--- RECORDED DATA ---

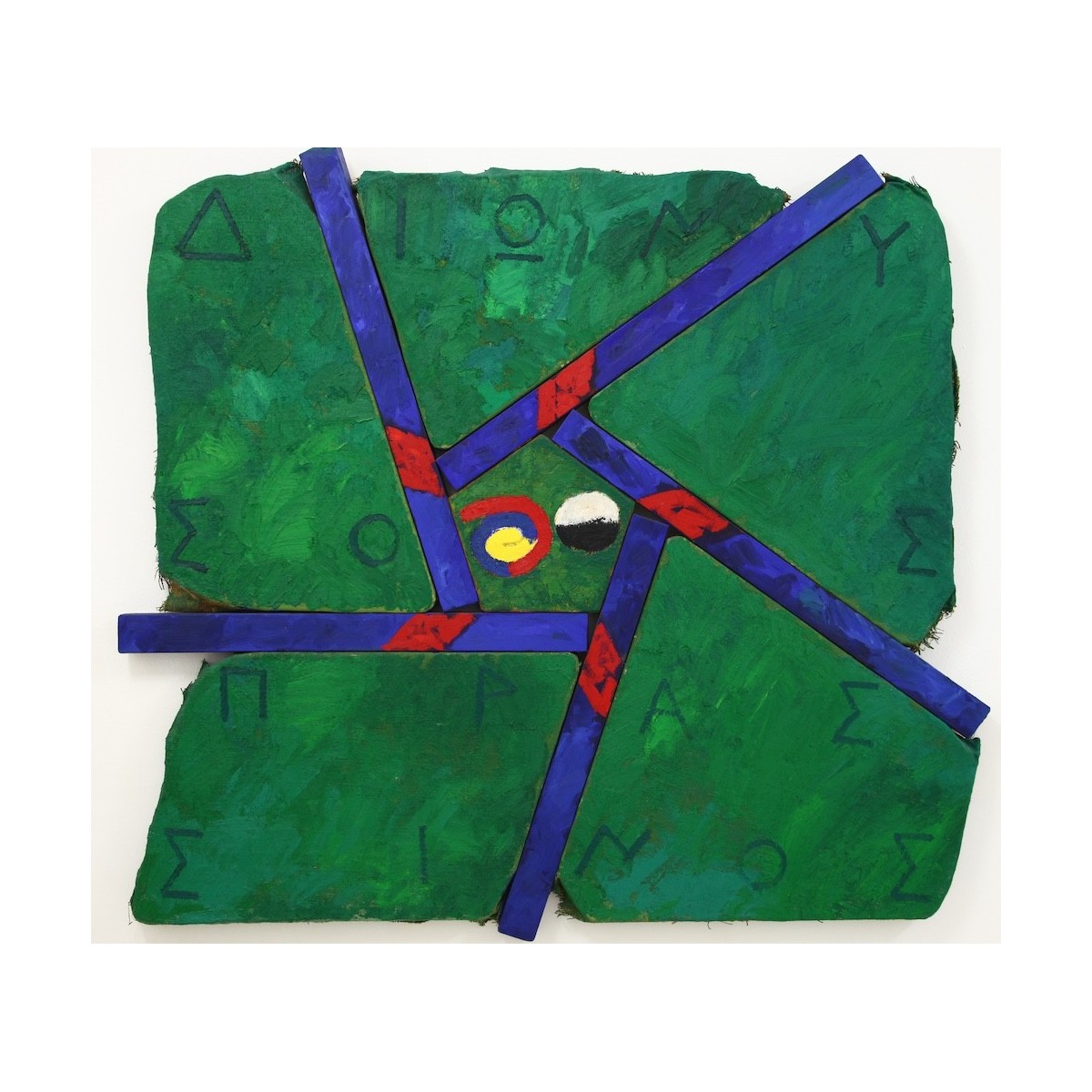 Quest'opera riflette la fascinazione di Joe Tilson per la mitologia greca, evocando l'energia del dio Dioniso attraverso una composizione astratta ma simbolica. La superficie è dominata dal verde intenso e materico, che simboleggia la natura e la vitalità; il fondo irregolare è attraversato da fasce geometriche blu e rosse. Lettere dell'alfabeto greco sono dipinte o incise per comporre il titolo sulla tela, mentre un vortice centrale in colori primari aggiunge un forte elemento dinamico. La tecnica ad olio su tela montata su legno enfatizza la matericità, tipica della sua produzione matura.
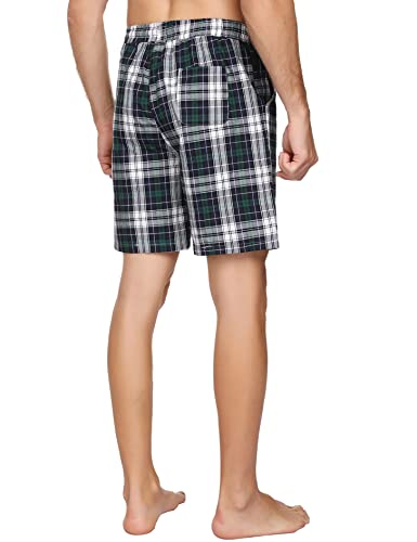 Litherday Pantaloncini Pigiama da Uomo Pantaloncini Estivi Uomo Cotone Pantaloncini Casual da Uomo Stile scozzese e Tinta Unita Pigiami da Uomo C-verde S
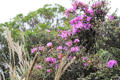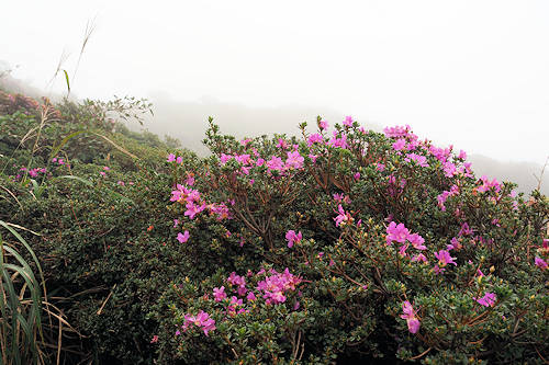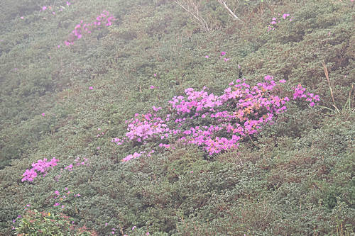 対面の斜面にもミヤマキリシマが ガスの中に頂上が見える
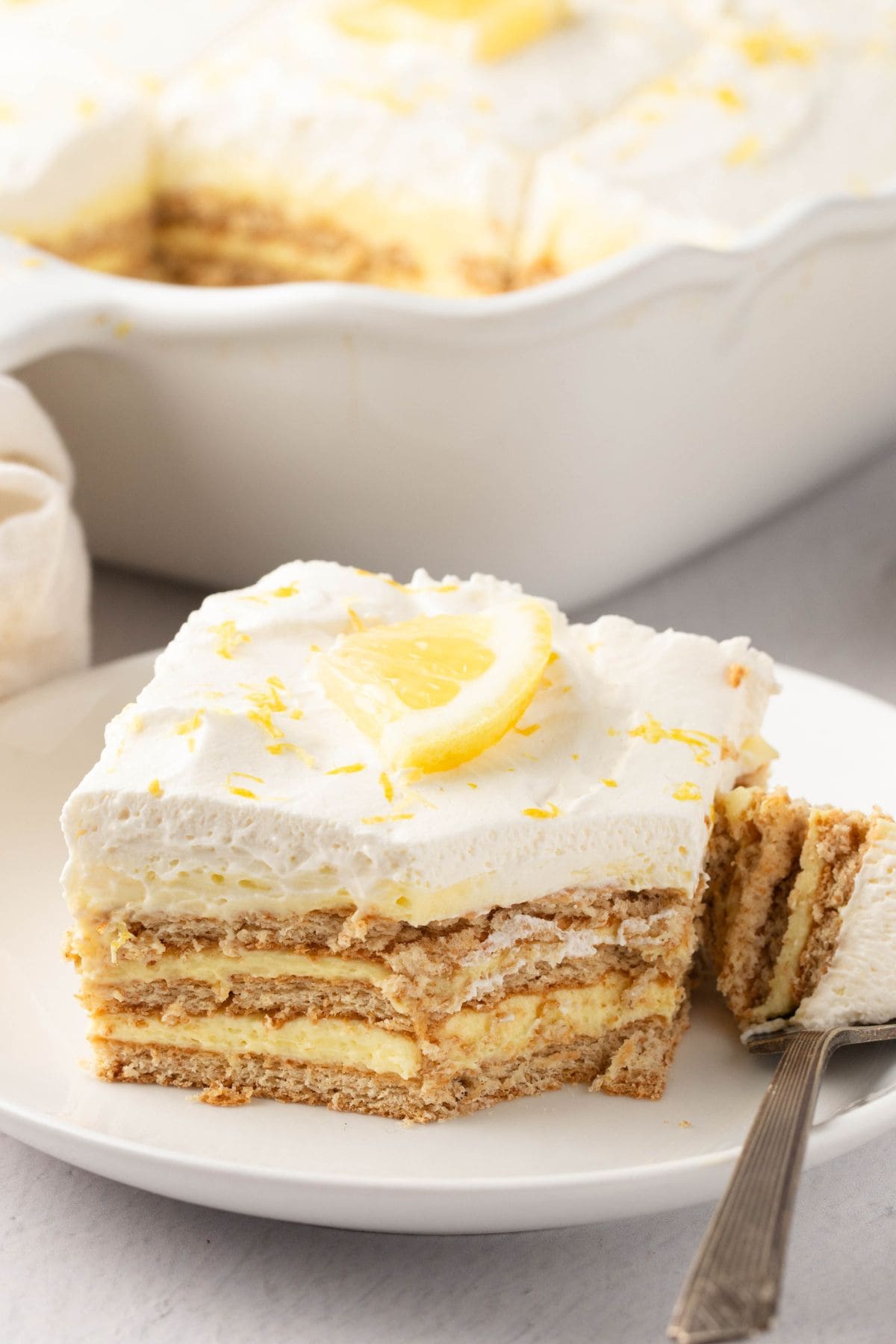 To Store: Keep the lemon icebox cake in the fridge, covered with plastic wrap for 3-4 days.

---

PROBLEM DETAILS
Nothing should be printed except the lines from the one with "Litherday Pantaloncini Pigiama" through the last line of the listing above, both ends included; please drop the pictures.

RESPONSE BELOW
 Litherday Pantaloncini Pigiama da Uomo Pantaloncini Estivi Uomo Cotone Pantaloncini Casual da Uomo Stile scozzese e Tinta Unita Pigiami da Uomo C-verde S
 対面の斜面にもミヤマキリシマが ガスの中に頂上が見える
 To Store: Keep the lemon icebox cake in the fridge, covered with plastic wrap for 3-4 days.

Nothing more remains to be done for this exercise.